Ennesima tragedia nel mondo del motociclismo. Stavolta, teatro del lutto è la pista di Misano Adriatico, sede del Trofeo Bridgestone classe 600, una delle tappe del campionato italiano di velocità. La vittima, un ragazzo che a giugno avrebbe compiuto 25 primavere, Emanuele Cassani, originario di Faenza. Le cause? Come sempre più spesso avviene, una collisione accidentale con colleghi avvenuta poco dopo la partenza quando il gruppo non è ancora sgranato e il rischio di contatti piuttosto alto. Non un problema di manto stradale, né di misure di sicurezza in prossimità delle recinzioni, né tantomeno di intempestività nei soccorsi. Una scivolata, due colleghi che non hanno il tempo di evitare Emanuele, la collisione, una vita che se ne va. Una dinamica che ricorda sinistramente l’incidente mortale di Marco Simoncelli, travolto a Sepang il 23 ottobre 2011 dagli incolpevoli Colin Edwards e Valentino Rossi. Altra macabra coincidenza: l’autodromo è intitolato proprio alla memoria del Sic. Come beffarda fu la fine della vita di Doriano Romboni, lo scorso 30 novembre sulla pista del Sagittario di Latina, in occasione del “Memorial Marco Simoncelli”.
I soccorsi, come si diceva, sono stati tempestivi ma si è capito subito che per il povero Emanuele non c’era più nulla da fare. Degli altri due ragazzi coinvolti nell’impatto, per uno di loro, prontamente trasportato con l’eliambulanza all’ospedale Bufalini di Cesena, dopo alcuni timori iniziali, sembrano scongiurate conseguenze gravi: se la dovrebbe cavare con una frattura della clavicola e qualche escoriazione.
Tutte le competizioni in programma sono state immediatamente interrotte, su accordo unanime di Fmi, organizzatori dei vari Trofei.
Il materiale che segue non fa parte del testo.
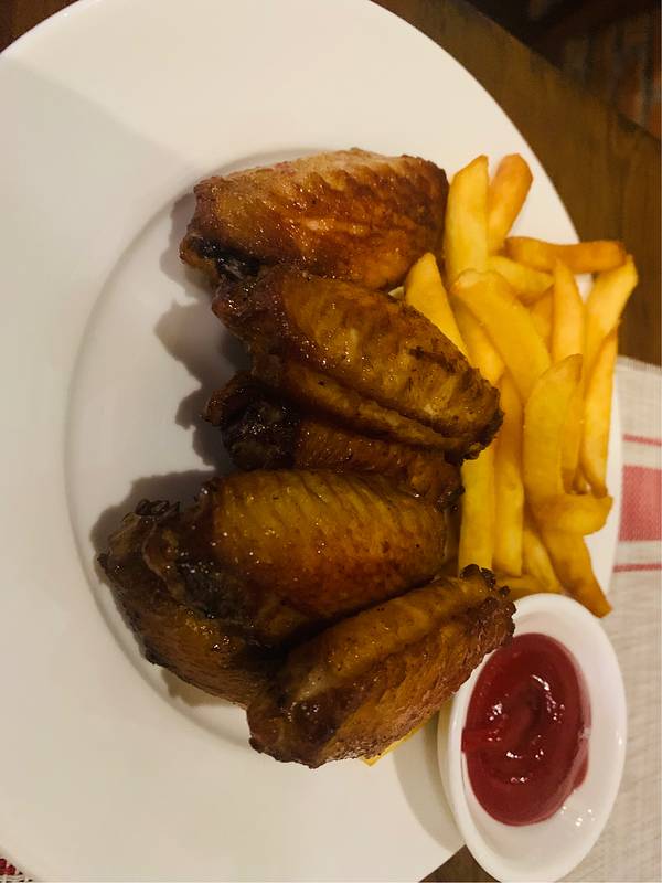 在青岛准备换个口味,于是选择了这家酒店门口的德国餐吧。本来是奔着烤猪肘去的,但是因为餐厅11点才开业,我们中午去的时候猪肘还没有准备好,因此就选了柏斯图肉肠汇,也就是香肠拼盘,外加半打鸡翅和一份凉菜。等菜的时候店家上了餐前面包,并提供了黄油肝酱,让我们垫一下。等餐的时间略长,好在上来的都很合胃口。柏斯图肉肠汇里有几种香肠,表层烤得焦脆,里面却很鲜嫩,而且一点儿也不油,配上酸菜和黄芥末酱,起到调味解腻的作用。鸡翅火候正好,个大肉嫩。 店里装潢也很有德国风,中间的开放吧台,欧式的木制桌椅,围着一圈的德国国旗和酒瓶装饰,正映衬了德国啤酒的特色风。下次再有机会准备晚上来,品尝一下它家的烤猪肘。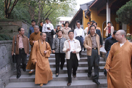 据灵隐寺报道:杭州为创最佳旅游城市,作为千年古刹的灵隐寺是杭州重要的旅游单位之一。十月三十一日下午,杭州市政府副市长项勤、副秘书长杨菊芳为首的四大班子二十余人莅临灵隐寺进行卫生检查。灵隐寺监院觉乘法师、知客戒兴法师、监院办如义法师等在山门外热情接见了副市长一行的到来。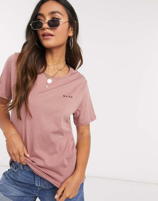 NA KD T Shirt Basic Logo 1044 000097 0176 003 Rosa Loose Fit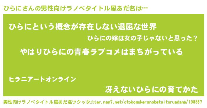 | 女子向けラノベタイトル風あだ名 | 『ひらにの雑貨屋さん』 |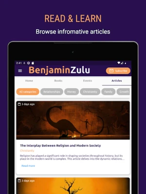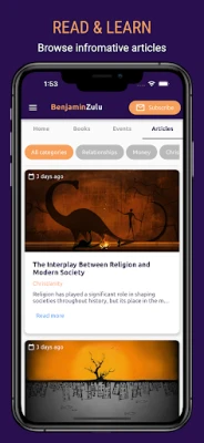 In summary, this application serves as a comprehensive hub for those seeking to engage with Benjamin Zulu's work, offering a one-stop solution for book purchases, event participation, and access to his valuable content and resources.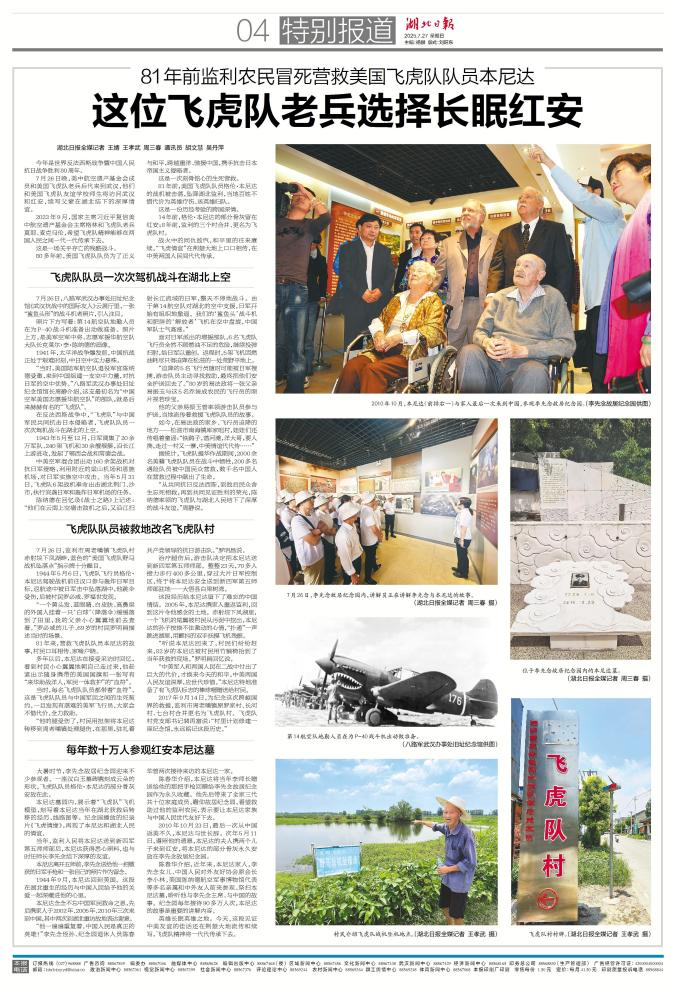 3篇稿件,从讲故事、讲感情到讲世界观、价值观,突出中美人民的情谊连接,表达中美友谊不断深化的主旨。7月26日,报道小组提前在来汉的高铁上专访了格林。当晚,湖北日报微信公众号在高铁抵汉的第一时间发布推文《刚刚!他们连夜抵达武汉!》;次日,湖北日报头版头条刊发消息《飞虎队老兵后代寻访英雄之城》,链接整版特别报道《81年前监利农民冒死营救美国飞虎队队员本尼达 这位飞虎队老兵选择长眠红安》,在飞虎队后代湖北之行的报道中夺得先机。

E il presidente della stessa Fmi, Paolo Sesti, ha voluto subito esprimere la sua vicinanza ai familiari del giovane.
Sentite anche le parole di cordoglio di Arnaldo Antonelli, il papà di Andrea, deceduto sulla pista di Mosca, nel corso del mondiale Supersport, il 21 luglio scorso. E in circostanza analoghe.
Una lunga scia di episodi luttuosi che flagella il motociclismo dal tragico 20 maggio 1973, quando a Monza, nel GP d’Italia valido per il Mondiale classe 250, perirono Jarno Saarinen e Renzo Pasolini. Da allora, moltissime cose sono cambiate: la sicurezza delle piste, delle misure di protezione a bordo pista, delle stesse moto (grazie anche all’ausilio dell’elettronica) e lo stesso equipaggiamento dei piloti è anni luce migliore. Eppure, il numero di incidenti mortali che si è concentrato da fine anni ’90 ad oggi ( soprattutto, dal 2011) non trova riscontri con quanto accadeva, pur in condizioni generali molto meno garantiste, negli anni ’70 ed ’80.
Non sta a noi, qui, sindacare sul fatto che trattasi solo di tragiche fatalità che il destino ha voluto concentrare in un arco temporale così ristretto oppure no.
E non sarebbe neanche il caso di rivangare annosi dibattiti circa l’opportunità di consentire attività sportive oggettivamente pericolose. Anche se, forse, una piccola considerazione a margine la si potrebbe fare: è vero che ognuno ha il sacrosanto diritto di impostare la propria vita come meglio gli aggrada e di fare di una propria passione, anche se potenzialmente foriera di rischi, un lavoro, così come è vero che si può morire in qualsiasi frangente del quotidiano, anche passeggiando a piedi lungo il marciapiede e che, statisticamente parlando, non c’è raffronto tra il numero di morti che la strada genera tra comuni automobilisti o motociclisti e quelli legati a competizioni agonistiche. Per cui l’obiettivo “riduzione rischi a 0” rimane e rimarrà sempre un traguardo tendenziale, destinato a non venir mai tagliato. Però rimane che sondare i propri limiti sia legittimo, ma avvicinarli troppo pericoloso. A volte mortale.
Nello specifico, come implementare ulteriormente la sicurezza, anche alla luce degli enormi progressi su elencati che la tecnologia ci ha offerto e ci offre? Con il buon senso. Che suggerirebbe di rivedere del tutto la disposizione delle griglie di partenza. Distanziare le posizioni di partenza toglierebbe un quid allo spettacolo ma eviterebbe, quantomeno, nei primi giri, quei pericolosi assembramenti di lamiere che impediscono a chi sopraggiunge di avere il tempo materiale di evitare l’impatto con chi, davanti, è caduto. Non sembra una soluzione particolarmente raffinata, anzi banale. Ma potrebbe essere, questa sì, un buon punto di partenza.